I'm not an active poster but read the forum most days and it's a great community - thanks to all for the advice and tips posted here.

Lev

PS - has anyone replaced their curtains in a van of this age? Can it be done reasonably cheaply?


----------



## Jagman

Hi Lev

Autosleepers themselves are usually very helpful with free advice to owners, it might be worth phoning them for a chat, there will be people there who know all about the problems encountered with pretty well every model over the years and they will certainly know how yours is constructed. Alternatively an e mail exchange may be more effective if phone lines are busy. Why not google their contact details and give it a try?

Not much help but it will bump your post into Saturday morning!!

Good luck!


----------



## lev

Cheers Jagman...took your advice and emailed them this morning.

Hopefully it won't be too fiddly a job.

Lev


----------



## paulmold

I have a 1997 Symphony and was not aware of a leak. Your posting certainly made me rush out to the MH and have a look. Thankfully I can't find sign of damp but you certainly made me check. Hope your problem is solved quickly.


----------



## lev

Hi Paul,

Glad to hear no problems with your pride and joy - having looked into the issue, it seems leaks on Autosleeper panel vans are pretty rare.

Lev


----------



## chrisjrv

Hi,
I seem to remember that you can get condensation on the front wall of the front top locker due to a lack of insulation between it and the outer skin, but I've never noticed this myself, phoning Autosleepers service would be my advice,
Chris.
p.s. if you flick the cab interior light out of its hole you can see inside and check for water.


----------



## foll-de-roll

Hi Lev 


I am on my third A/S (Trident, Duetto, and Exec) and have had only had two leaks to deal with, and both of those were roof vents which were easily fixed. 

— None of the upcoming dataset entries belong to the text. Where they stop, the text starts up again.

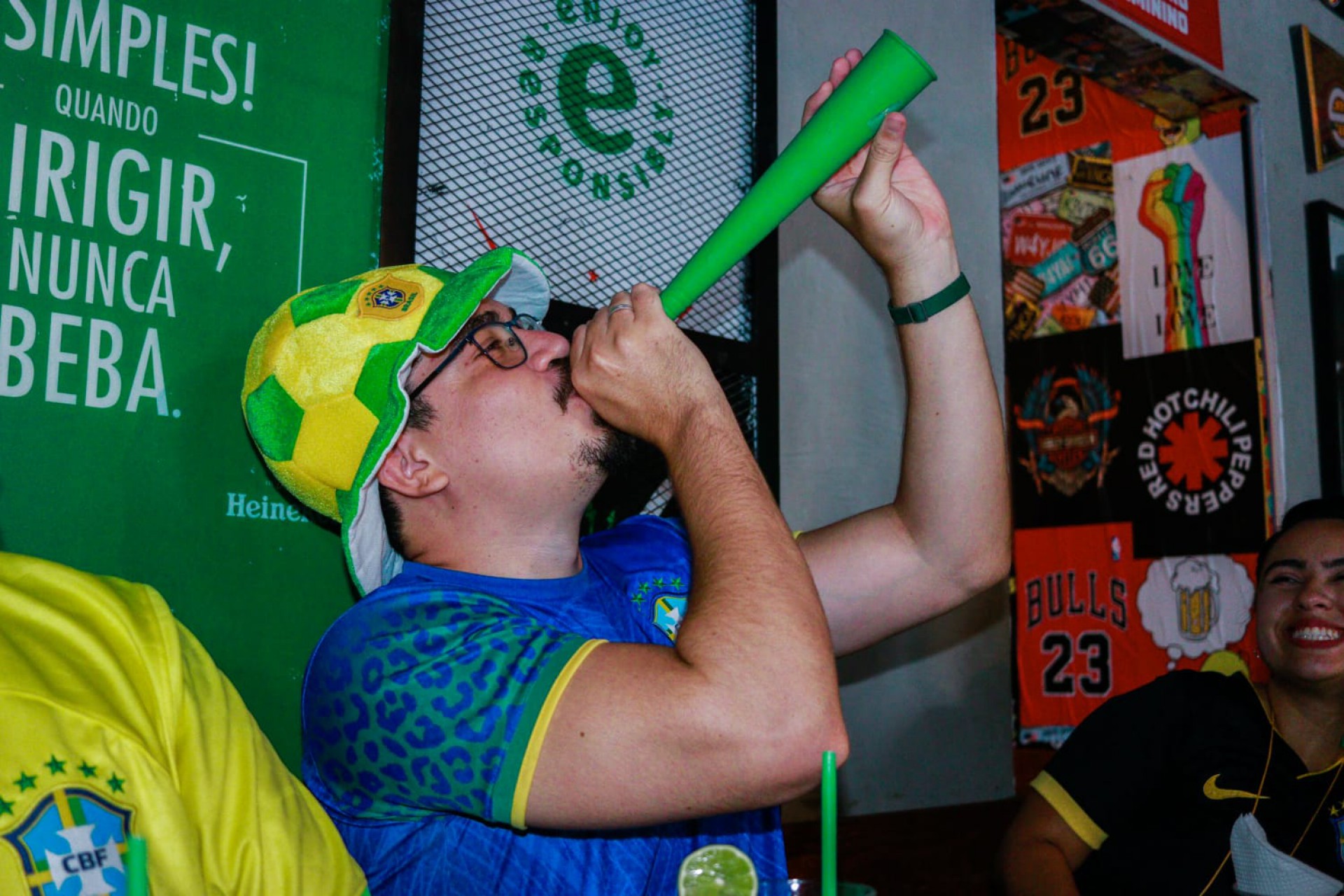 Torcedores cearenses se reuniram em Fortaleza para acompanhar a partida decisiva do Brasil contra a Croácia pelas quartas de final da Copa do Mundo do Catar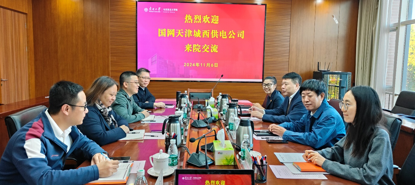 刘聪详细介绍了国网天津城西供电公司在基层党建、社会服务、安全管理以及企业文化等方面的建设成果,他指出,公司在以党建引领发展新质生产力,落实“四个善作善成”“十项行动”的具体实践中,积累了宝贵的经验,也明确了未来发展的目标和方向,希望通过与南开马院共建,进一步提升党员职工的思想觉悟和内生动力,推动深化改革的各项举措落实见效。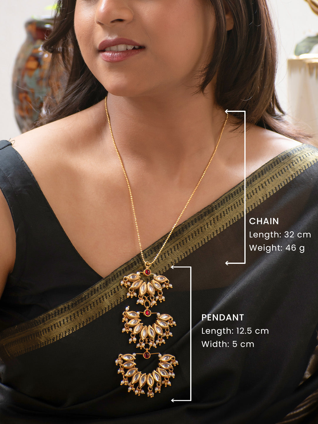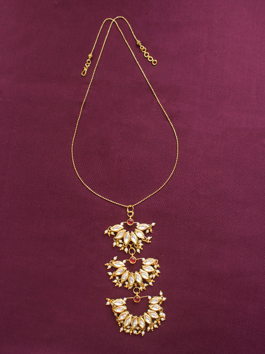Premium Gold Finish Kundan and Kemp Stone Pearls Necklace Gold Chain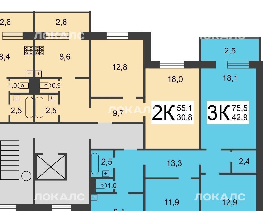2 больших балкона

I would do as someone suggested, have a look down through the cab light space, perhaps with a strong light and a small inspection mirror. I gained access to the front roof space (to fit a new aerial) by removing the front Labcraft light. 


I would phone A/S as I believe they are not too good at answering E Mail. 

I hope you can fix it soon. Cheers Andy


----------



## vardy

Is it parked sloping downwards at all. Could it be coming on a horizontal slant from somewhere else inside the hi-top? Mine when parked sloping backwards leaked all the way down through the inner kitchen window baize - but it was coming from the tiny top windows. They have channels to duct out the rain that were bunged up with muck.

- Have decided that water is very weird stuff.

My curtains could do with changing, but the biggest gripe is the stupid 'hook on' curtain hooks that the loops fall off. Think mine are called zylon or some such. Site on web does new hooks that are a proper loop. www.fittingservices.com Taking off the fascias with electric controls on are the only drawback I can see to getting curtains copied from originals - by self or curtain co. Curtain site - www.campercomforts.co.uk

Do you have back door draft? I am going to make a longer curtain to the floor in heavier fabric to see if I can do it myself!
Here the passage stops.